Nugget: A Digital Forensics Language

Vassil Roussev discusses Christopher Stelly’s research at DFRWS EU 2018.

Transcript

Vassil: Thank you, everyone. We’re behind schedule, so we’ll try to rush through it … maybe you won’t notice the details. And before we start, since we mentioned that … first of all, I want to thank Daryl and everybody on the host team for putting up this event. I know it’s a lot of work. And finally, we’ve reached a point where I can just come and enjoy it, and just present. In fact, the way I had it set up, I would have my student present, so I can just enjoy [00:41].

On a more serious note, actually, Chris, he was set up to come and he was registered, and he had a family emergency, and it’s a very unpleasant situation for him. So, I’m filling in, so I can … in terms of credit, I will talk about the concept behind this, because I think that’s the most important part that I can explain. In terms of technical implementation, it’s all Chris. Chris is my PhD student, and apart from that, he’s a professional [plane] tester for Lockheed Martin, so he’s a very impressive technical guy.

Since we’re in Florence, if you need a metaphor, I gave him kind of a sketch on the back of an envelope, and he’s painting like a three-panel masterpiece. The first panel was presented [01:41] in August, in Austin. So, this is the second piece, and there’s one more piece, and then we’ll call in Dr. Stelly.

Alright, so what is Nugget and why do we need it?

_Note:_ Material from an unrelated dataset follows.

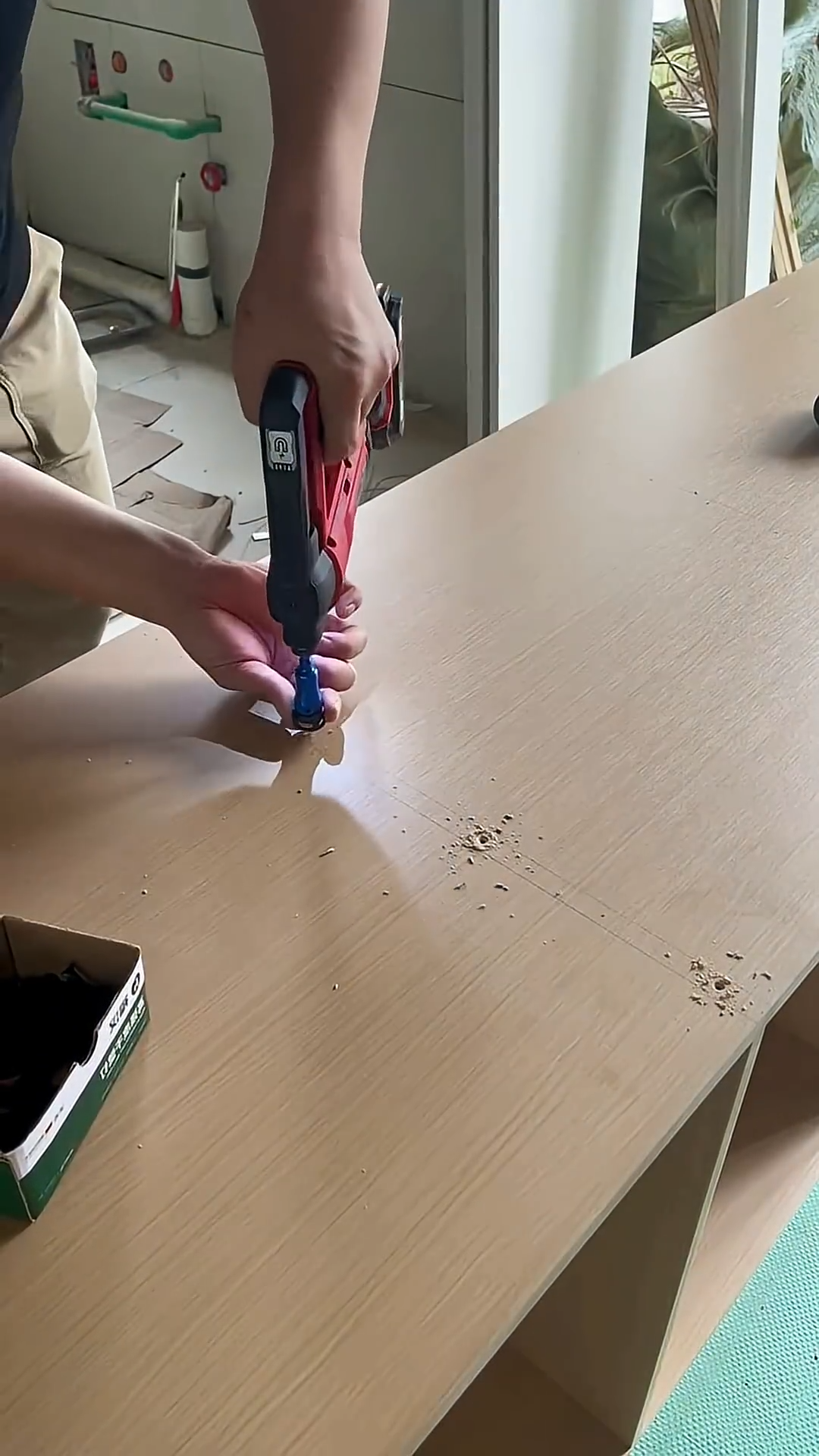 1. Planning and Preparation Mark the Location: Precisely mark the center of each hole on the table surface using a pencil and a ruler or tape measure. Use a carpenter’s square for accuracy if needed. Select the Right Bit: Choose the appropriate drill bit type and size for the desired hole and wood type. Set Drill Parameters: Speed: Generally, slower speeds for larger diameter bits and harder woods, faster speeds for smaller bits and softer woods. Start slow to prevent walking. Clutch (Torque Setting): If driving screws after drilling, set the clutch appropriately to prevent overtightening. For drilling, some drills have a dedicated drill mode that bypasses the clutch, providing full power. Install Depth Stop (If Needed): If a specific depth is required, attach and adjust a depth stop collar on the drill bit. Protect the Table: Place a sacrificial piece of scrap wood (e.g., plywood or a thicker offcut) directly underneath the drilling location. This “backer board” prevents tear-out (splintering) on the underside of the table as the drill bit exits. Secure the Workpiece (If Possible): If the table is movable, clamp it securely to a workbench to prevent movement during drilling. If it’s a large, fixed table, ensure it’s stable. 2. Positioning the Drill Pilot Hole (Optional but Recommended): For very precise holes or when starting with larger bits, use a smaller twist bit to drill a shallow pilot hole first. This helps guide the main bit accurately. Centering: Place the tip of the drill bit precisely on your marked center point. If using a brad point bit, its sharp tip will naturally engage the mark. Perpendicularity: Crucially, hold the drill perfectly perpendicular (90 degrees) to the table surface. Even a slight angle will result in a crooked hole. Many drills have a small level bubble, or you can use a small square as a visual guide. For critical holes, a drilling guide jig can be invaluable. 3. Drilling the Hole Start Slowly: Begin drilling at a very low speed. This allows the bit to properly engage the wood without walking or splintering the surface. Increase Speed: Once the bit has started to cut and is centered, gradually increase the drill speed to the appropriate setting. Apply Consistent Pressure: Apply steady, firm, and consistent downward pressure. Don’t force the drill, but also don’t let it “dance” on the surface. Let the bit do the work. Clear Chips: For deeper holes, periodically withdraw the drill bit partially (or fully for very deep holes) to clear wood chips from the flutes. This prevents the bit from overheating and clogging, which can lead to burning the wood or making a wider, rougher hole. Breakthrough (with Backer Board): As the drill bit approaches the underside of the table, reduce pressure and drill speed. Allow the bit to slowly punch through into the sacrificial backer board. This minimizes tear-out on the table’s bottom surface. 4. Post-Drilling Cleanup Remove Drill Bit: Once the hole is complete, turn off the drill and carefully withdraw the bit. Clean the Hole: Use a brush, compressed air, or a vacuum to remove any sawdust or debris from the hole and the surrounding area. Deburr Edges: Lightly sand or use a utility knife to remove any small splinters or rough edges around the entrance and exit of the hole for a clean finish. Safety Measures

Instead of me walking you step by step … it’s a language, every language has users, and here I see about a hundred potential users. So, since user studies are very difficult to set up, I’m going to use the opportunity, I’m going to run a one-minute user study. What I’m going to do is I’m going to show you five lines of Nugget code, and I’ll give you one minute to try to make sense out of it, and then we’ll have a quiz. Alright.

[silence]

Alright, time’s up, and this is really an informative experiment for me. How many of you thought that this was an instance of known file filtering? Okay. I’ll take that in one minute.

How many of you expected to see hashes come out of the output? Alright, bridge too far.

This is actual [executable] code, if we have the time, I will run it for you, or at least I’ll show you … I’ll tell you how to run it later. But you can see that … this is a domain-specific language, so what we’re trying to do is we’re trying to describe the domain of forensic computation. So, my [personal relationship with it] started maybe five, six years ago, when I promised to write a chapter on digital forensics, and the first thing I started with is sort of the definitions, and I started looking at these definitions, and none of them was satisfying.

So, they were indirectly describing what digital forensics says. So, it’s kind of the application of these methods for forensic purposes, which … if I told you that a car is something that does transportation, it really doesn’t tell you much.

I’m a computer scientist, so I’m looking at this as a computational problem. So, long story short – we’ve worked with this … so, this is a [very little positioned] paper that nobody read three years ago, which is fine. And here’s what we’re trying to accomplish. Of course, this is by Martin Fowler, so you can’t argue with that.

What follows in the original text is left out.